Dataset excerpt
......

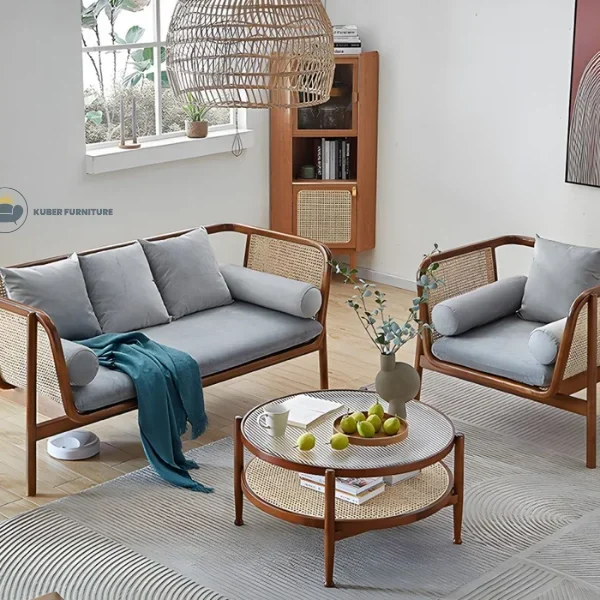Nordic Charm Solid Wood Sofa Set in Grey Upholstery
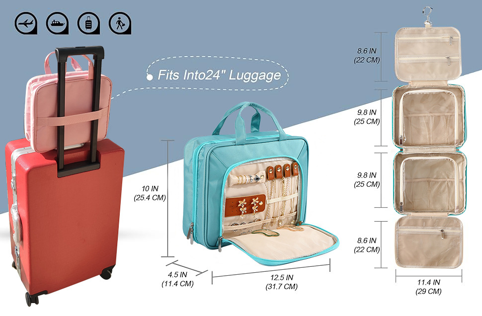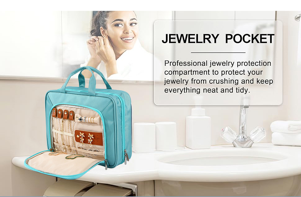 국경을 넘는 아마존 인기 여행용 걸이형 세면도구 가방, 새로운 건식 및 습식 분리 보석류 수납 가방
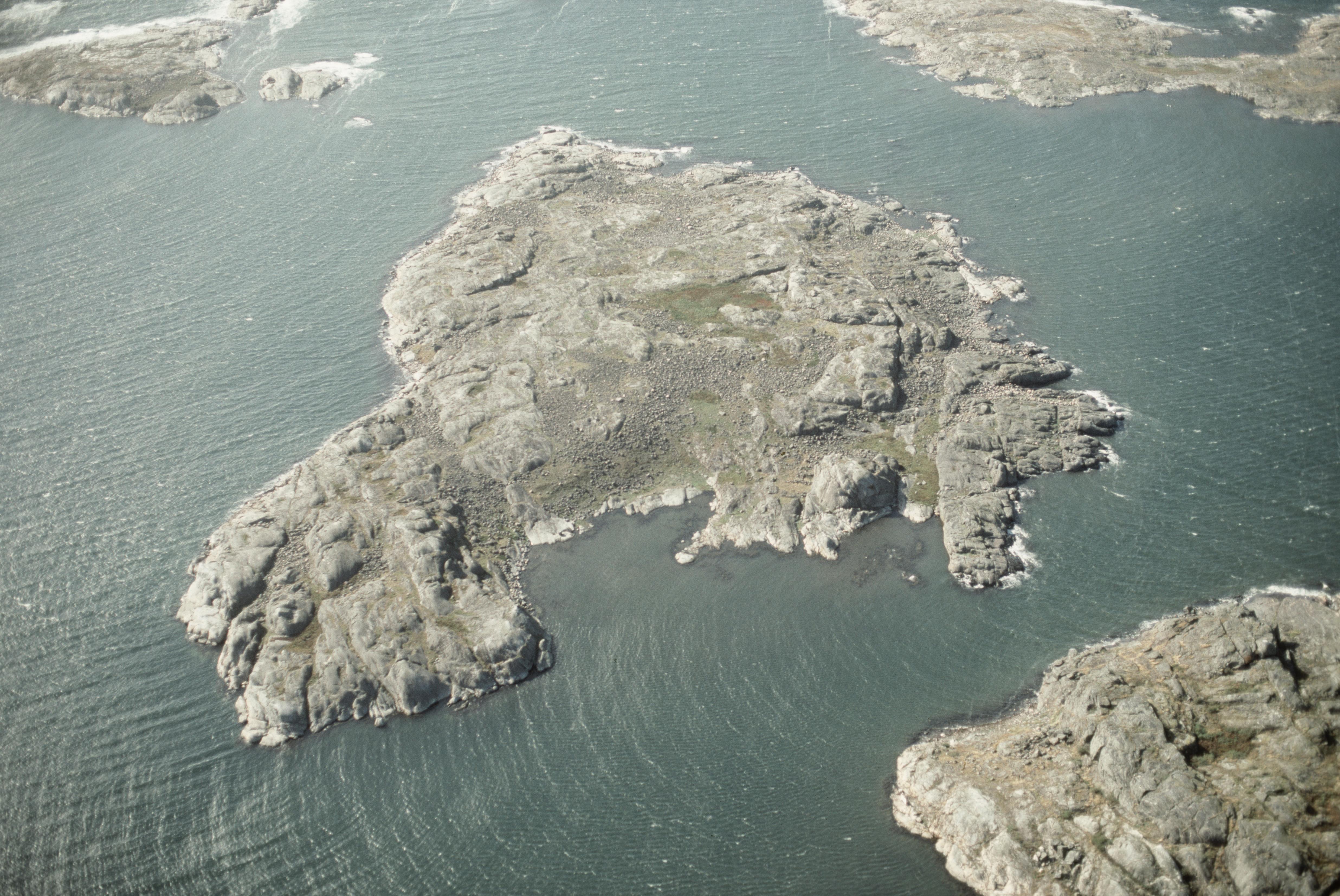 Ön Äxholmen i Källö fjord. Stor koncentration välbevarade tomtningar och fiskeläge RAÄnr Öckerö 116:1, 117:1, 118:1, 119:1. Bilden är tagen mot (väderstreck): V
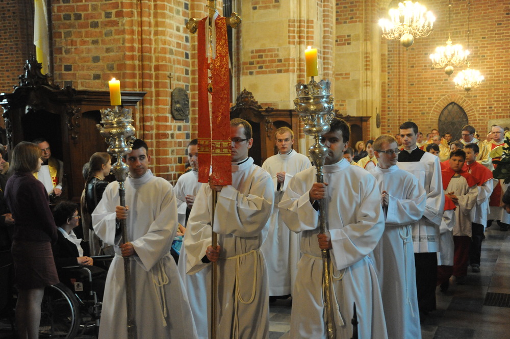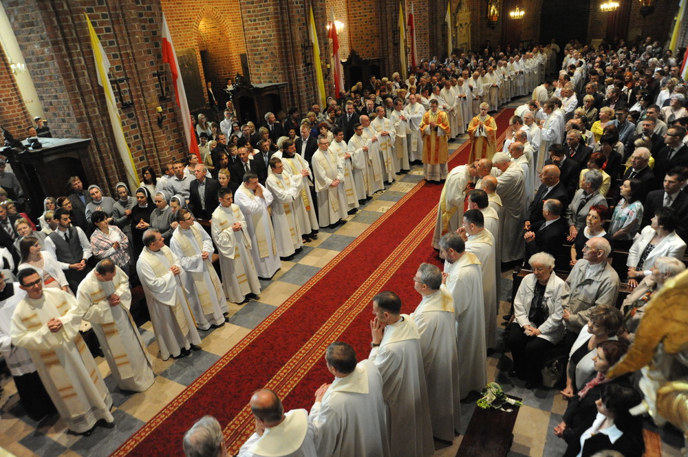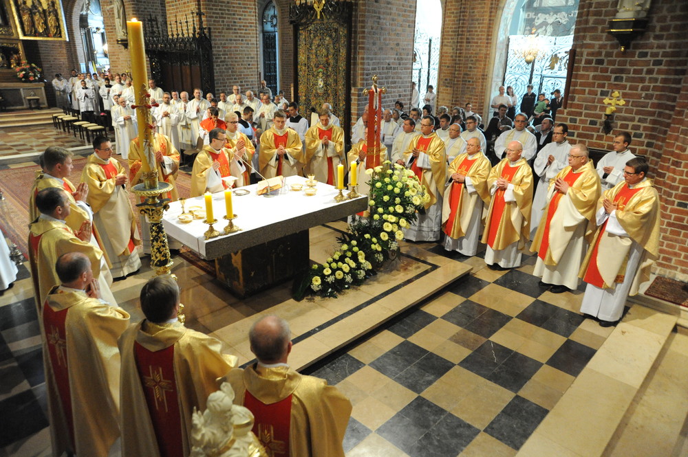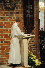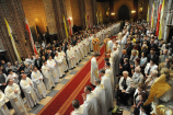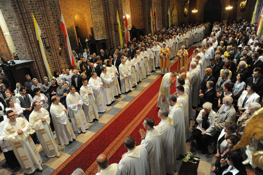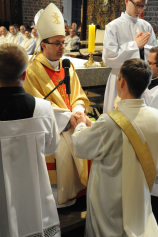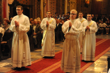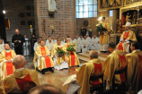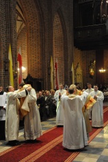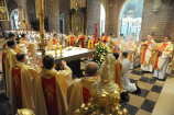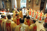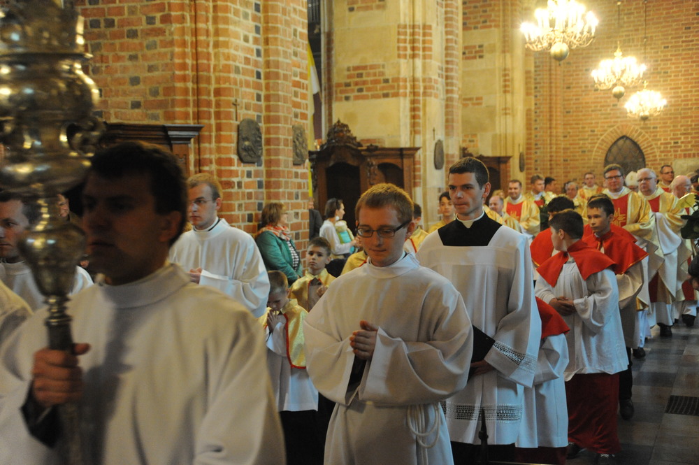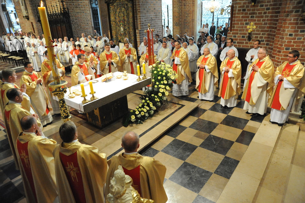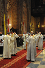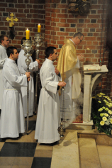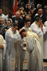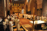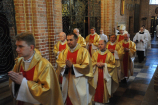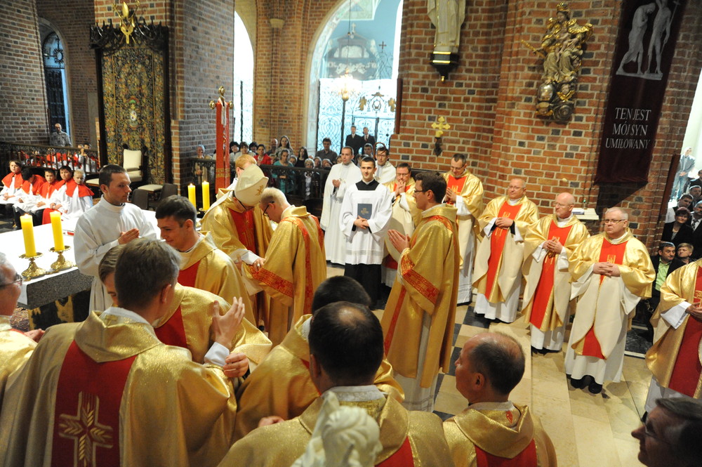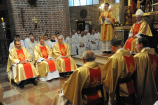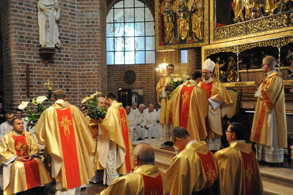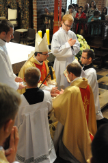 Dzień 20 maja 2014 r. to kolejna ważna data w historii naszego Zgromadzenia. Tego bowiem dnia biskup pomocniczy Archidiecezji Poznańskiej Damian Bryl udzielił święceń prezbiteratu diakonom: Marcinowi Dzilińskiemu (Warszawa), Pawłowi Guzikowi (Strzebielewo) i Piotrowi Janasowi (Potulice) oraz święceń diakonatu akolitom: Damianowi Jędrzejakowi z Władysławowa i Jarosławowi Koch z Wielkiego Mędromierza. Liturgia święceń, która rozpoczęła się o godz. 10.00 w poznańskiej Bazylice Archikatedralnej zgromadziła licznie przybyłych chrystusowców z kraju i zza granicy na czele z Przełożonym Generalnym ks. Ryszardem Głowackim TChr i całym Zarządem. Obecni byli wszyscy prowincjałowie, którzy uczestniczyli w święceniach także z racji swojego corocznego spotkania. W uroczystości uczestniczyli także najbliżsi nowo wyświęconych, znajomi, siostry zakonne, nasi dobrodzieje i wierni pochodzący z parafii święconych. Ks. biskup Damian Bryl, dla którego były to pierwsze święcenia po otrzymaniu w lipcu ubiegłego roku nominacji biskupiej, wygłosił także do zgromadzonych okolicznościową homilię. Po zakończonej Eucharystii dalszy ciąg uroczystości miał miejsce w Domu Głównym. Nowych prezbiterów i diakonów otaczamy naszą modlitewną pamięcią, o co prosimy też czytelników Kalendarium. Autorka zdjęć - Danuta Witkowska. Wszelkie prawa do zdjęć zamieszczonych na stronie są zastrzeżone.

......

Task item
Your copy should hold exactly the lines from the line containing "Ön Äxholmen i" through the last line of the listing above, both included, and no pictures.

Solution to this task
 Ön Äxholmen i Källö fjord. Stor koncentration välbevarade tomtningar och fiskeläge RAÄnr Öckerö 116:1, 117:1, 118:1, 119:1. Bilden är tagen mot (väderstreck): V
 Dzień 20 maja 2014 r. to kolejna ważna data w historii naszego Zgromadzenia. Tego bowiem dnia biskup pomocniczy Archidiecezji Poznańskiej Damian Bryl udzielił święceń prezbiteratu diakonom: Marcinowi Dzilińskiemu (Warszawa), Pawłowi Guzikowi (Strzebielewo) i Piotrowi Janasowi (Potulice) oraz święceń diakonatu akolitom: Damianowi Jędrzejakowi z Władysławowa i Jarosławowi Koch z Wielkiego Mędromierza. Liturgia święceń, która rozpoczęła się o godz. 10.00 w poznańskiej Bazylice Archikatedralnej zgromadziła licznie przybyłych chrystusowców z kraju i zza granicy na czele z Przełożonym Generalnym ks. Ryszardem Głowackim TChr i całym Zarządem. Obecni byli wszyscy prowincjałowie, którzy uczestniczyli w święceniach także z racji swojego corocznego spotkania. W uroczystości uczestniczyli także najbliżsi nowo wyświęconych, znajomi, siostry zakonne, nasi dobrodzieje i wierni pochodzący z parafii święconych. Ks. biskup Damian Bryl, dla którego były to pierwsze święcenia po otrzymaniu w lipcu ubiegłego roku nominacji biskupiej, wygłosił także do zgromadzonych okolicznościową homilię. Po zakończonej Eucharystii dalszy ciąg uroczystości miał miejsce w Domu Głównym. Nowych prezbiterów i diakonów otaczamy naszą modlitewną pamięcią, o co prosimy też czytelników Kalendarium. Autorka zdjęć - Danuta Witkowska. Wszelkie prawa do zdjęć zamieszczonych na stronie są zastrzeżone.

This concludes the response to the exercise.